Whatever the initial composition of your soil, you want to add organic matter to it to lighten a heavy soil, firm up sandy soil, and make good soils perfect.

If you are east of the Mississippi River, your soil is acidic and will need liming at the rate of about 5 pounds per 100 square feet of garden.

You're wondering about a soil test? Have one done by your local agricultural extension service, if you wish.

Right now you can rest assured that your garden needs all the organic matter you can give it. One caution: Fresh manures may burn young plants.

All seed catalogs indicate which seeds of any variety are consistently good producers. Order these from one or two companies. Try not to buy seeds at the local hardware store.

Concentrate on the basic vegetables: peas (including the new Sugar Snaps), spinach, lettuce, beans, and squash; these almost never fail entirely.

When the seeds come, sit down and read the package instructions. Some varieties need to be started indoors, and you can do this by using commercial potting soil and peat pots or other containers as nursery flats. The flats must eventually be ''hardened off.'' A week or so before you transplant them into the garden, put the flats outside during the day, briefly at first, until they acclimate.

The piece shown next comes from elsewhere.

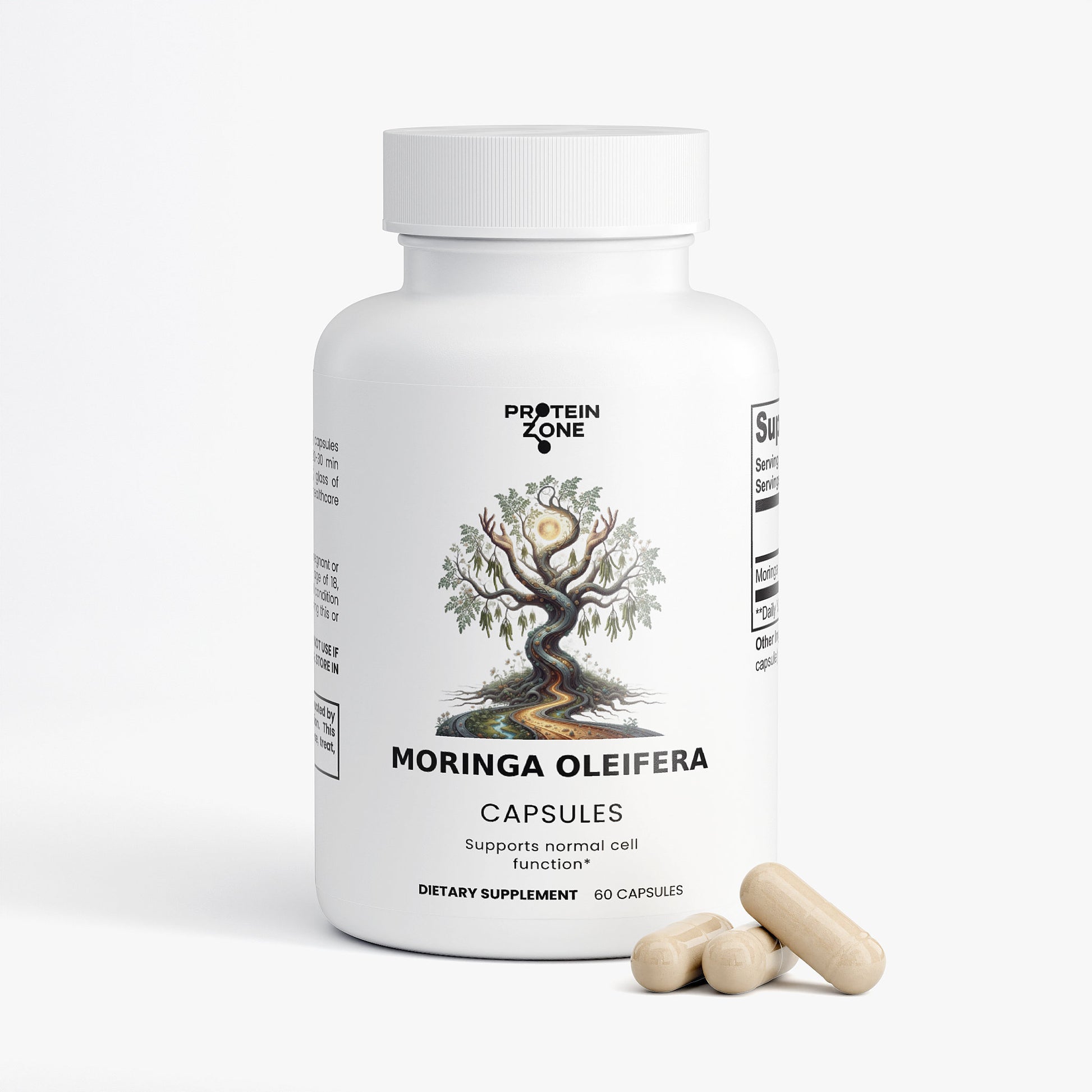 Moringa Oleifera, often revered as the "tree of life" or "miracle tree", is native to Northern India and has been a part of traditional herbal practices for generations. This supplement utilizes only the leaves of the tree, which are known for their exceptional nutritional density and diverse array of phytochemicals. The leaves are harvested with care to maintain their natural properties, providing a concentrated source of proteins, minerals, vitamins, and antioxidants. This supplement is designed to seamlessly complement your daily nutrition and support overall physiological balance.

Most first-timers have, however, limited success with seedlings. If yours fail, you'll have to buy flats of seedlings at a local greenhouse. These are then transplanted into the garden at the spacing recommended for that particular vegetable. Don't overdo it. A half-dozen good tomato plants will produce plenty of tomatoes. And many vegetables - broccoli, cabbage, and cauliflower - can be grown from seed planted directly into the garden.

Plant a few seedlings for early harvest, and then grow the rest from seed and thereby extend your season.

All this begins around the time indicated by the seed-package information and after the time the garden soil is dry enough and doesn't ''clump'' in your hand.

Everything goes into the garden in straight rows. Then everything that comes up that isn't in a straight row identifies itself as a weed.

The last bugaboo for most people is whether to go ''organic'' or ''chemical. Start out organic, because it's a lot easier to go from organic to chemical than vice versa.

All gardeners are increasingly coming to see the value of heavy applications of organic material for developing healthy soil. No matter which route you choose, be careful to follow good garden practice. And know what you are doing before you use a pesticide. This is one time to get some advice.